Comparison of siRNA knockdown analyses of CMV-promoter driven GFP-silent reporter cell populations that were selected based on sensitivity to reactivation by an HDAC inhibitor or a DNMT inhibitor. TSA-selected reporter cells (denoted HeLa TI) were compared with 5-azaC-selected reporter cells (denoted HeLa AI) to assess the contribution of the selection process to the epigenetic factor set identified by siRNA screening. The reporter cells were transfected with the indicated siRNAs (pools of four independent siRNAs per target), along with negative controls, siControl (Dharmacon non-targeting siRNA control) and GAPDH siRNA.
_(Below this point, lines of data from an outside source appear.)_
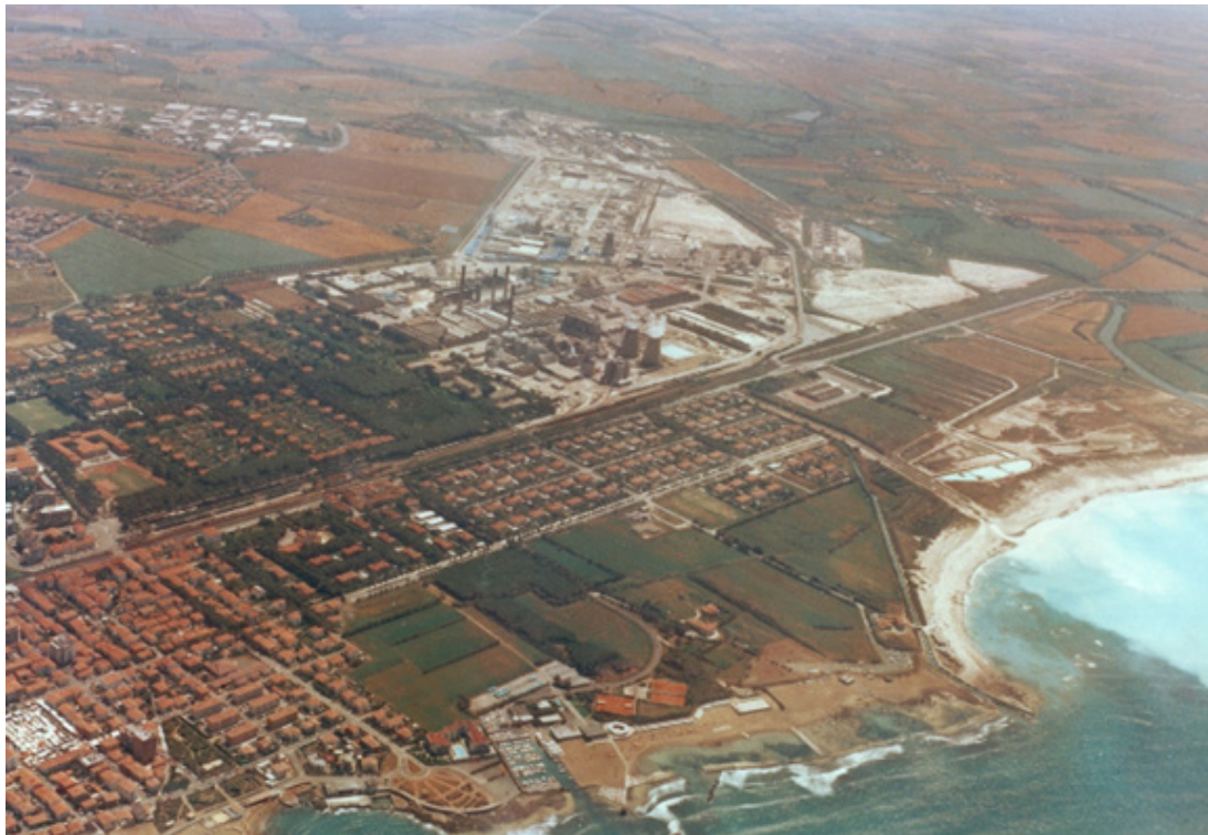
Fig. 8. Il Villaggio Solvay e la fabbrica in una foto aerea della fine degli anni '70 [Cusmai 2005-06, 90].

Del resto, però, questa non sembra una peculiarità di quel periodo storico; basta osservare l'organizzazione urbana del nostro tempo per renderci conto di come, mutatis mutandis, non
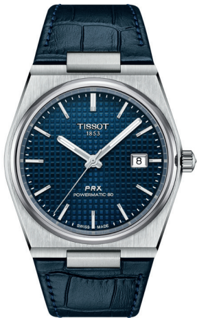
TISSOT PRX PowerMatic 80 Referência: R-TI-00252

Relógios que traduzem precisão, estilo e presença. Escolhas que combinam com o homem contemporâneo, entre a sofisticação do clássico e a força do design moderno.
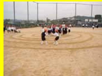
昔遊びを先生から習って
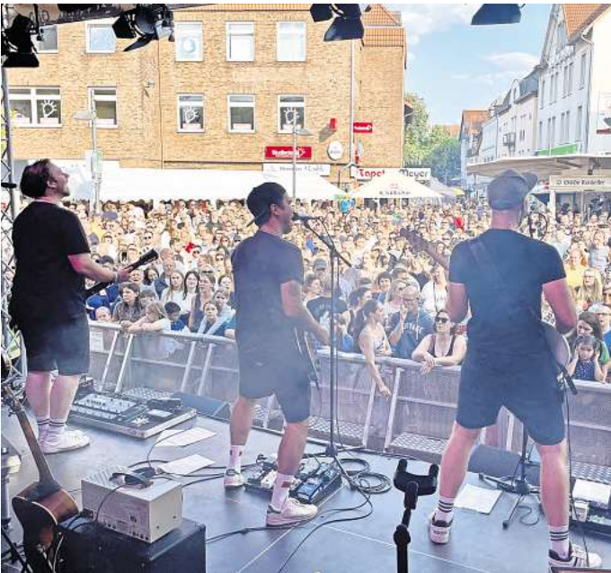
20 Jahre und kein bisschen leise: The Jetlags feiern in diesem Jahr ihren 20. Bandgeburtstag. Am Sonntag heizten sie auf dem Stadtfest in Barsinghausen ordentlich ein.
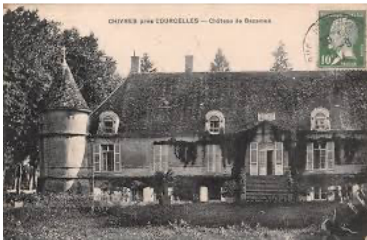
Château de Bazarnes (Courcelles, 58)

Analysis of Histone Modifications at the Silent Promoter
The siRNA-based knockdown approach identified a candidate factor network, based on their apparent essential roles in silencing maintenance. To investigate the mechanisms of factor cooperativity, and the apparent lack of functional redundancy, we initiated studies to detect alterations in the chromatin status of the reporter gene after knockdown of factors. We began by determining if repressive histone modification signatures corresponding to the activities of the identified histone-modifying enzymes, KMT1E and KMT5C (as well as HDAC1), were associated with chromatin at the silent GFP reporter gene promoter. Using ChIP analysis, we characterized both the histone modification status and engagement of the transcriptional apparatus at the GFP gene promoter in GFP-silent HeLa reporter cell populations (Fig. 6A). As a control, we analyzed the resident GAPDH gene promoter, which is transcriptionally active in HeLa cells. The results showed very low levels of RNA pol II occupancy at the silent GFP promoter and transcriptional start site (TSS), as compared with the active GAPDH promoter. Histone H3 and H4 N-terminal tail acetylation (H3ac/H4ac) was also reduced at the GFP promoter/TSS as compared with the GAPDH promoter, a pattern characteristic of epigenetic silencing. The hypoacetylation pattern at the GFP promoter/TSS is also consistent with the functional role in silencing detected for HDAC1 in this system. The promoter region of the silent GFP reporter was also enriched for the repressive H3K9me3 and H4K20me3 marks, as compared with the GAPDH promoter. These marks correspond with the predicted enzymatic activities of KMT1E and KMT5C, respectively. The ChIP results, therefore, strongly support the functional roles detected for these enzymes in the siRNA screen.
FIGURE 6.
Analysis of specific roles for CHAF1A and KMT1E in maintenance of repressive histone marks on the reporter gene promoter region. A, reporter cells harboring the silent GFP gene under control of the CMV promoter were used for ChIP analysis (see “Experimental Procedures”). The indicated antibodies were used to detect RNA pol II (Pol2) or histone modifications. The modification profiles tested correspond to the activities of HDACs, KMT1E, and KMT5C as detected in the siRNA functional screen. ChIP DNA material was quantitated by real-time PCR using primers corresponding to the GAPDH promoter (GAPDHp), the GFP CMV promoter (GFPp), or the GFP transcriptional start site (GFPtss). The y axis indicates the ratio of DNA to total input DNA. B, a ChIP assay was performed to measure changes in the levels of two major repressive histone marks (H3K9me3 and H4K20me3), two histone activation mark sets (histone H3 and H4 N-terminal tail acetylation, H3ac and H4ac), and RNA pol II occupancy, at the reporter gene promoter and transcriptional start site regions after KMT1E, CHAF1A siRNA knockdown or TSA treatment. HeLa cells were transfected with the indicated siRNAs (vertical text) for 72 h or treated with TSA for 8 h, then were cross-linked for the ChIP assay. Antibodies are indicated below as horizontal text. The y axis indicates the ratio to non-treated cells. C, the evidence for an S-specific role of CHAF1 (CAF-1 p150) in epigenetic silencing. Control (cycling cells) and aphidicolin-arrested GFP-silent reporter cells were treated with the indicated siRNAs for 24 h. GFP reactivation was measured after another 48 h.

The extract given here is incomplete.